There is clearly need for more work to understand the mechanisms of re-admissions and exacerbation recurrence, and find better ways to prevent exacerbations. These concepts were both identified as top-ten research priorities in a shared patient-clinician research prioritisation exercise for exacerbations of COPD.11 In the meantime, practical advice for front-line clinicians must be to identify and optimise common co-morbidities, and deploy evidence-based interventions to reduce COPD exacerbations. Importantly, for pharmacotherapy, this includes not just using the right drugs but selecting the optimal device: patients with severe COPD, and those recovering from severe exacerbations may not generate sufficient inspiratory flow to activate dry-powder inhalers, and critical inhaler errors are associated with increased risk of hospital care for COPD.12 A reduction in admissions for COPD exacerbations in association with COVID-19 restrictions has highlighted the potential value of respiratory viral infection control measures to reduce exacerbations,13 but these have yet to be recommended in guidelines.
An important question is to what extent re-admission reflect a failure of care. Financial penalties to reduce reimbursement for re-admissions assume this to be the case.
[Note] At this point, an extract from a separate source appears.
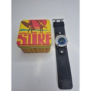 Never worn. Batteries ran down from sitting, so they have all been replaced. Comes exactly as pictured. 9" band. Dial has flames that can be started and stopped from moving b with the push of a button. Band has a small stains spot on the back that I got on it when changing batteries.

However, there is evidence that people with COPD are at highest risk for a recurrent exacerbation in the period immediately following a first exacerbation, even when that first event has completely recovered.14 It may be time to add a paradigm of ‘high risk time-periods’ when considering exacerbation risk, to the familiar strategy of identifying high-risk patients.15 Financial incentives might better focus on care quality, as has been implemented with the UK national COPD audit.1 Discharge from hospital care back to the community represents a vulnerable time for our sickest patients and it is incumbent on us all to ask if the communication and care we provide and receive at this time is optimal. Early re-admissions, therefore, may be different from late re-admissions, and may require different strategies to mitigate them. We are not alone in facing these challenges: 30 day re-admissions for heart failure are similar to those for COPD, and there is a similar strategy to better implement effective therapies.16
To conclude, COPD re-admissions are a challenging problem. We don’t yet have all the answers to provide a solution. The minimum we can currently achieve is to optimise COPD care and co-morbidity prior to discharge, and ensure effective transfer of care across hospital-based and community teams. Ultimately, we need further prospective research in this area, to identify novel and simple interventions that are effective and implementable at scale. Only by doing this can we reduce the burden of COPD re-admissions. Our patients deserve nothing less. They are waiting for us to act.